### YOUR OBJECTIVE
Copy the records below exactly, starting at the line that contains "リーベックス REVEX 電池不要で侵入者を威嚇 ソーラーパトピカ SLR90" and ending at the line that contains "集團主要支柱成員程力專用汽車"; leave out any pictures.

### RECORDS FOR THIS TASK

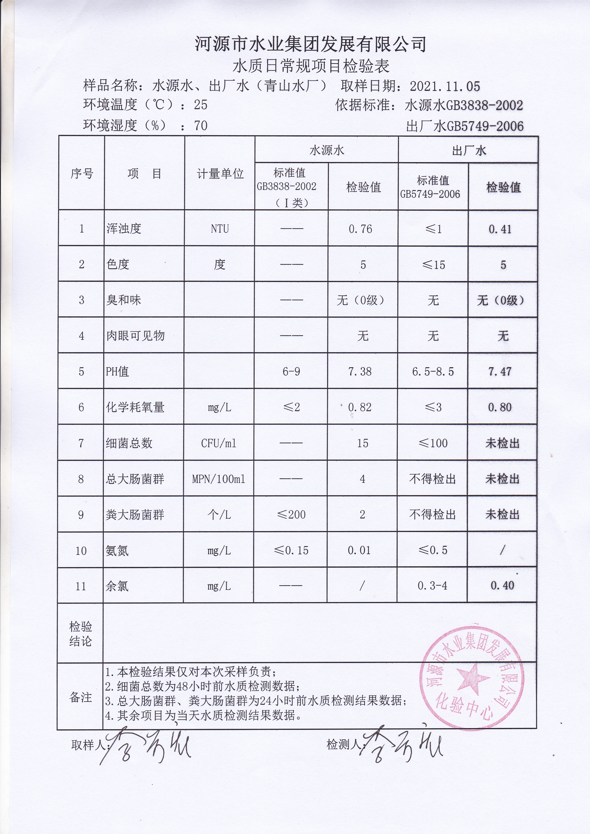 2021年11月5日水質(zhì)檢驗(yàn)報(bào)告
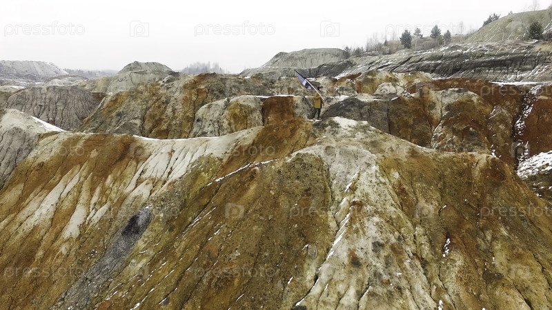 Мужчина-алпинист, путешествующий по заснеженной вершине горы на закате зимой. Видео. Воздух - Закройте взрослого альпиниста в тёплой одежде, когда вы прогуливаетесь через заснеженную горную вершину при прекрасном зимнем закате
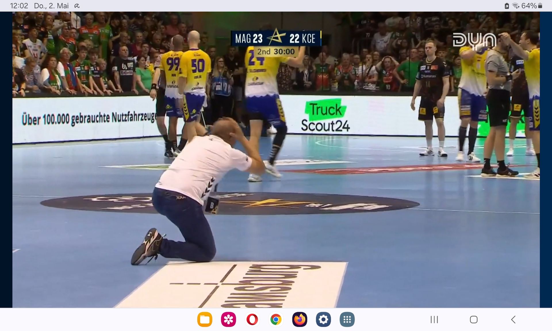 Kielce hatte da auch einen 8. Mann auf dem Spielfeld. Talant mitten in seiner Spielhälfte auf der Platte, ebenfalls auf den Knien.
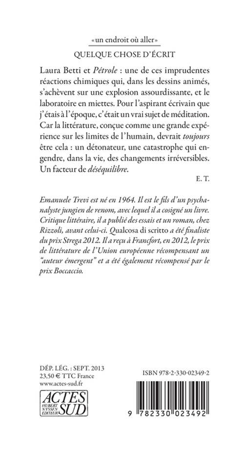 L'histoire presque vraie d'une rencontre impossible avec Pier Paolo Pasolini à travers sa comédienne fétiche et "gardienne du temple", Laura Betti. Un livre qui brouille magistralement les genres littéraires et propose une interprétation, aussi radicale qu'inattendue, de «Pétrole».
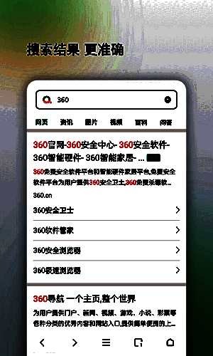 360搜索下载安装手机版是一款极为出色的免费搜索软件。它能为用户提供便捷的网页搜索服务,用户可轻松了解最新新闻、小说、视频等内容,并自由选择观看阅读。该软件还会推送优质内容,满足用户兴趣。它自带丰富的网页标签和书签栏,能收藏保存喜欢的网页。拥有极速搜索引擎,确保顺利搜索网页内容,让用户随时浏览最新网页。
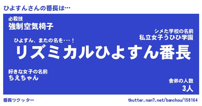 | ファンタジー風あだ名 | 『ヒヨフェル』『エターナルヒヨスンー』 |
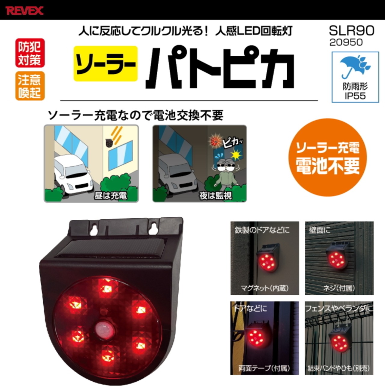 リーベックス REVEX 電池不要で侵入者を威嚇 ソーラーパトピカ SLR90
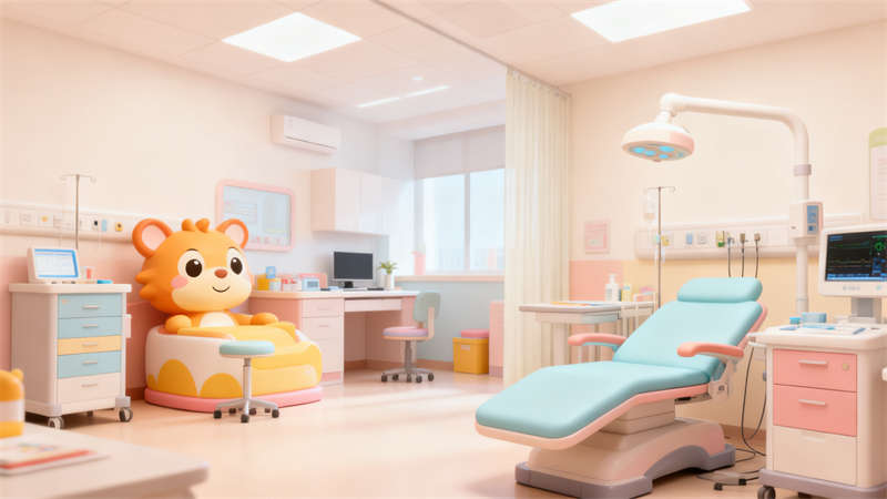 室內(nèi)空間裝修從兒童視角出發(fā),在各功能區(qū)域融入趣味元素。門診大廳以明快的色彩為主調(diào),墻面繪制生動(dòng)的卡通場(chǎng)景壁畫,搭配造型可愛(ài)的座椅與導(dǎo)診臺(tái),讓孩子們進(jìn)入空間時(shí)能感受到輕松愉悅。診室內(nèi)部裝修注重實(shí)用性與舒適度,采用環(huán)保且易清潔的材料,燈光選擇柔和不刺眼的暖色調(diào),避免強(qiáng)光給孩子帶來(lái)不適。?
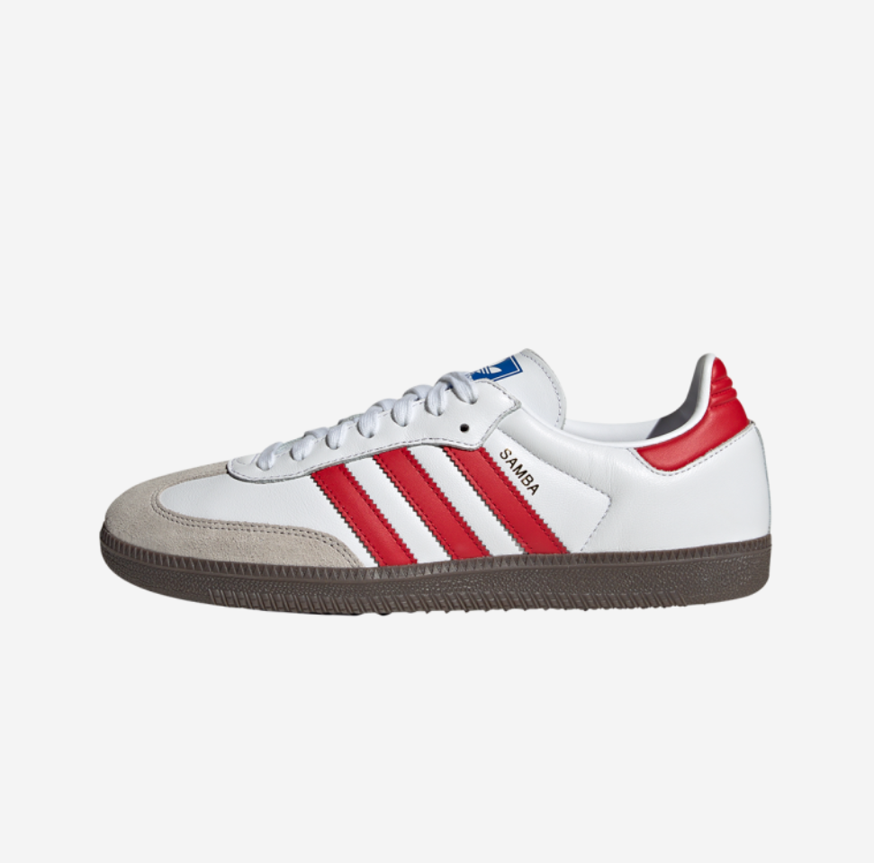 대부분의 삼바 OG가 차분하고 빈티지한 색조를 유지한 반면, 이 모델은 측면의 삼선(Three Stripes), 힐탭, 텅 라벨에 이르기까지 강렬하고 선명한 붉은색을 배치하며, 시선을 단번에 사로잡습니다.
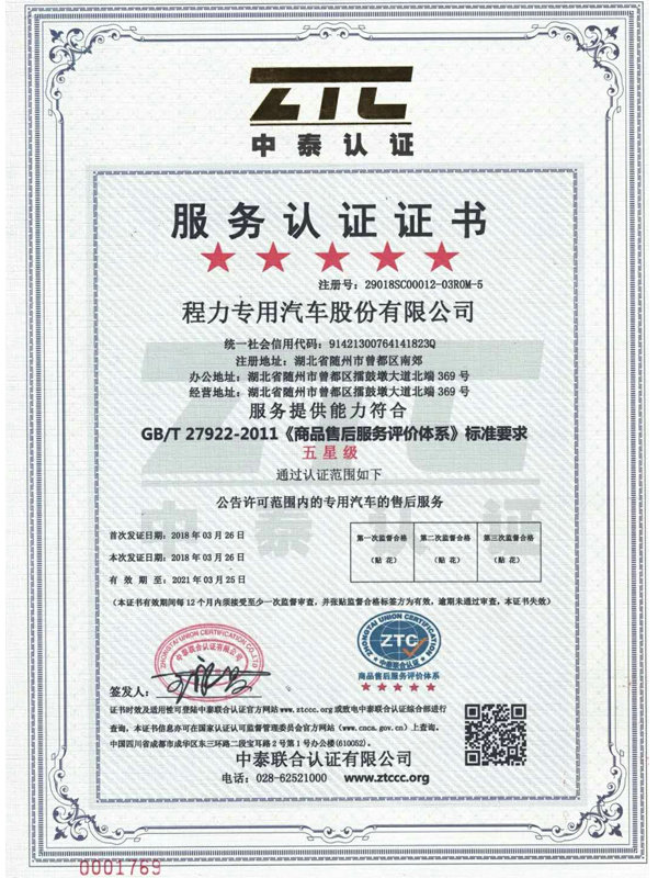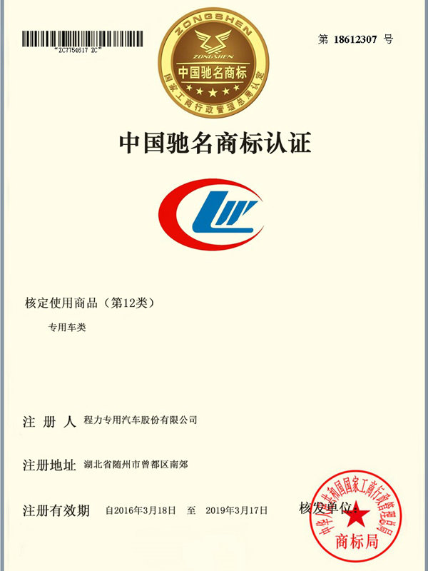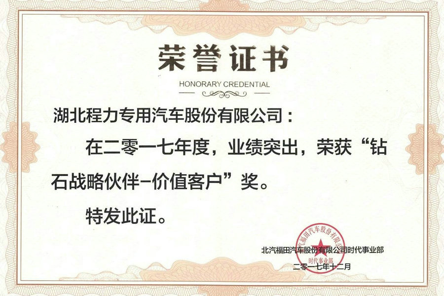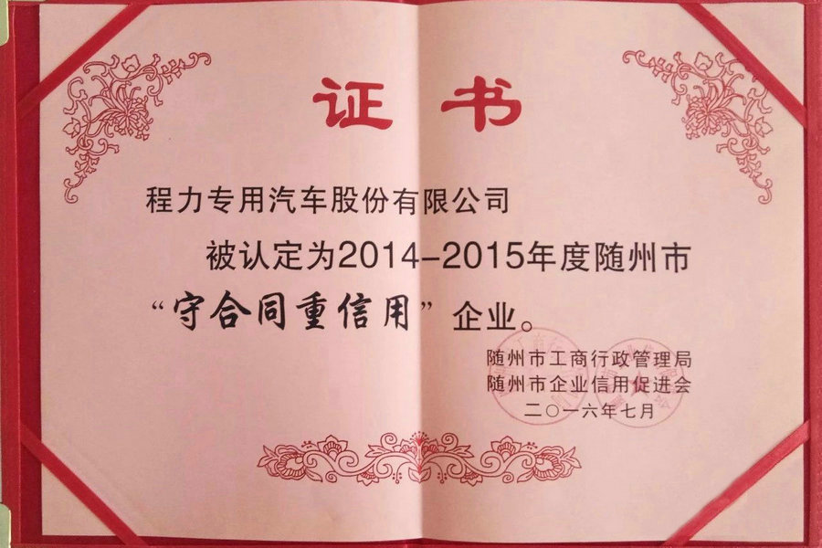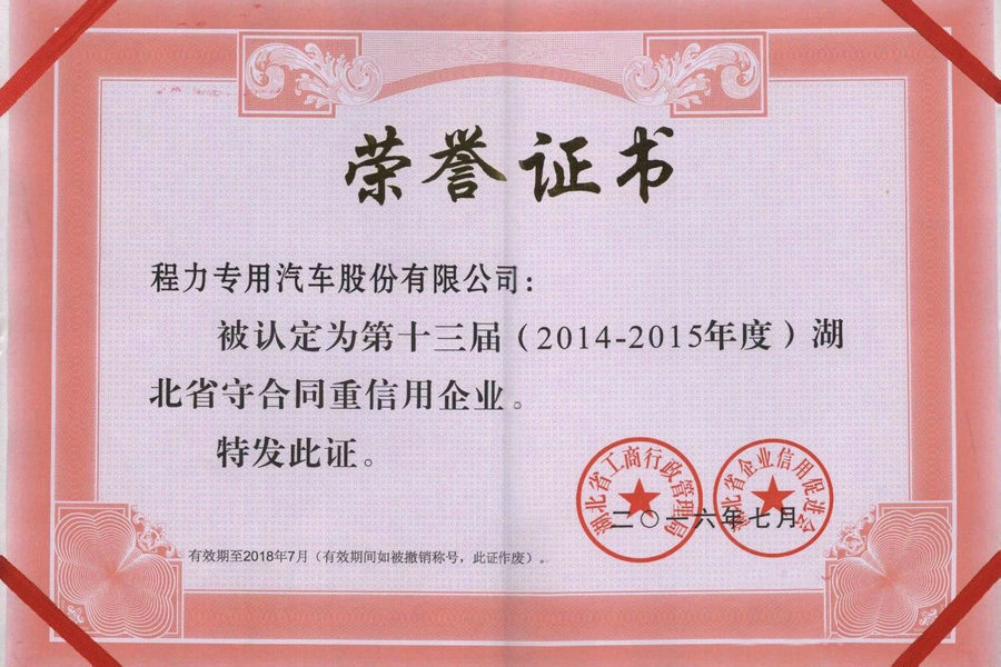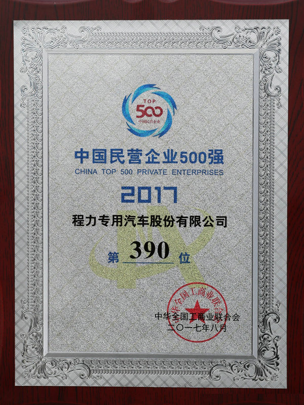 集團主要支柱成員程力專用汽車股份有限公司先后被隨州市政府評為“先進單位”、“外貿先進單位”、“工業(yè)八強企業(yè)”、“貢獻突出企業(yè)”、“十強納稅企業(yè)”,湖北省國稅局“全省國稅百佳納稅人”,湖北省“守合同重信用”企業(yè)等榮譽稱號;國家“高新技術企業(yè)”,公司“程力威”商標榮獲湖北名牌。
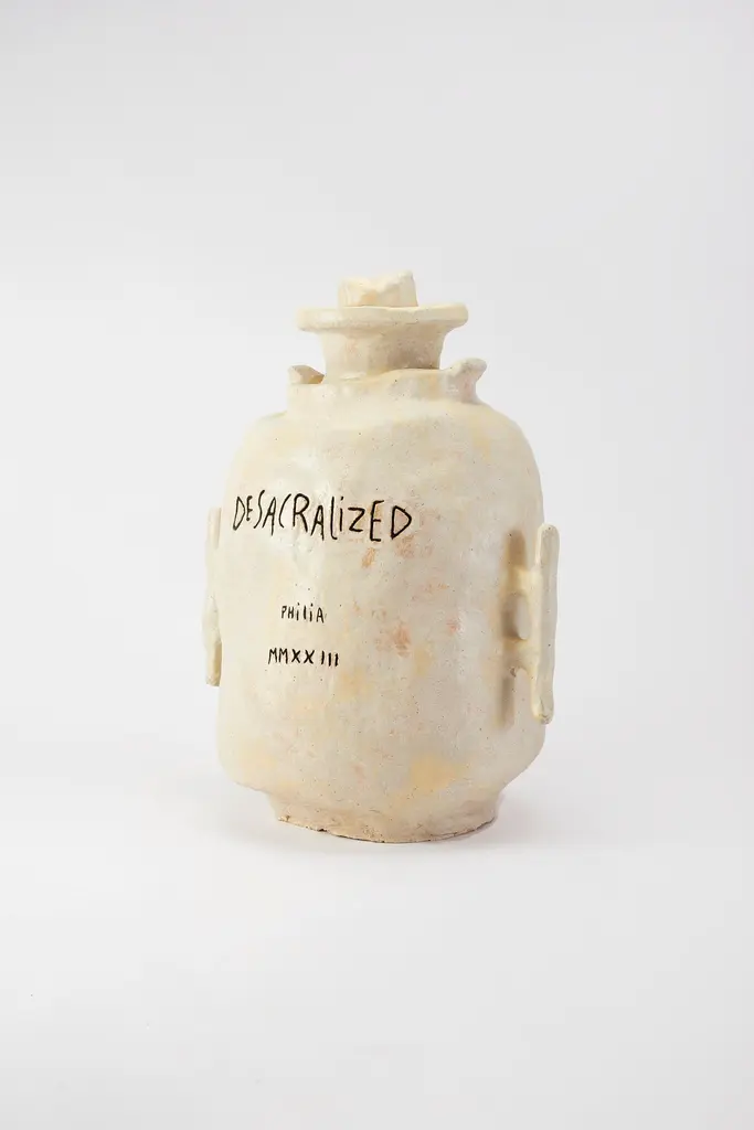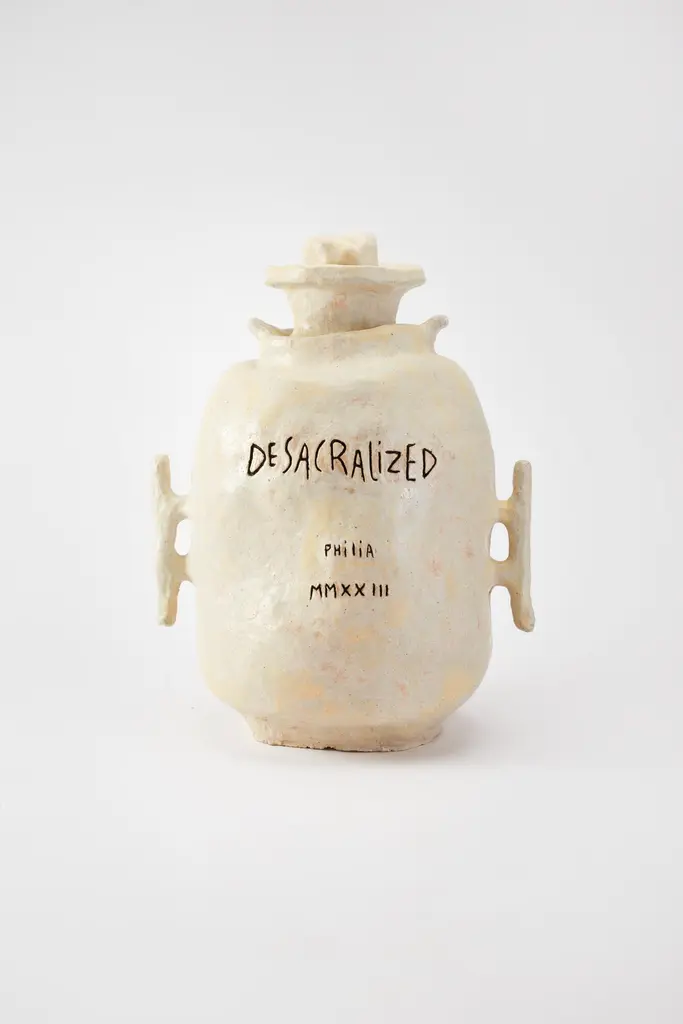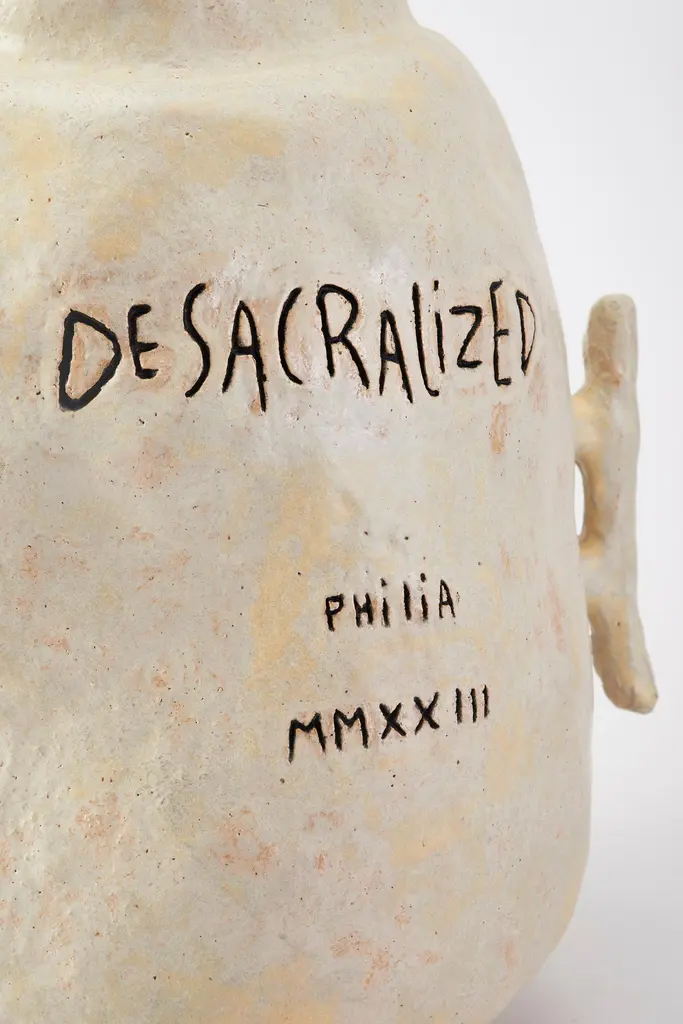 Desacralized Trophy by Willem Van HooffHandmadeDimensions: D 46 x H 63 cm (Dimensions may vary as pieces are hand-made and might present slight variations in sizes)Materials: Ceramic.Pedestal is included.Willem van Hooff is a designer based in Eindhoven.He is a driven builder, were he likes to see design as his tool to express an remember stories. He is fascinated how objects, buildings or traditions can capture stories. His stories always comes from my interest in history, the start of all his design projects. He likes to work with these old stories, techniques, cultures and give them new life in contemporary products.He feels the need to bring more freedom and joy back in making. He thinks this is lacking a certain form of imperfection, joy and traditions. Whichare not based on our consumerism world.

### ANSWER BOX
 リーベックス REVEX 電池不要で侵入者を威嚇 ソーラーパトピカ SLR90
 室內(nèi)空間裝修從兒童視角出發(fā),在各功能區(qū)域融入趣味元素。門診大廳以明快的色彩為主調(diào),墻面繪制生動(dòng)的卡通場(chǎng)景壁畫,搭配造型可愛(ài)的座椅與導(dǎo)診臺(tái),讓孩子們進(jìn)入空間時(shí)能感受到輕松愉悅。診室內(nèi)部裝修注重實(shí)用性與舒適度,采用環(huán)保且易清潔的材料,燈光選擇柔和不刺眼的暖色調(diào),避免強(qiáng)光給孩子帶來(lái)不適。?
 대부분의 삼바 OG가 차분하고 빈티지한 색조를 유지한 반면, 이 모델은 측면의 삼선(Three Stripes), 힐탭, 텅 라벨에 이르기까지 강렬하고 선명한 붉은색을 배치하며, 시선을 단번에 사로잡습니다.
 集團主要支柱成員程力專用汽車股份有限公司先后被隨州市政府評為“先進單位”、“外貿先進單位”、“工業(yè)八強企業(yè)”、“貢獻突出企業(yè)”、“十強納稅企業(yè)”,湖北省國稅局“全省國稅百佳納稅人”,湖北省“守合同重信用”企業(yè)等榮譽稱號;國家“高新技術企業(yè)”,公司“程力威”商標榮獲湖北名牌。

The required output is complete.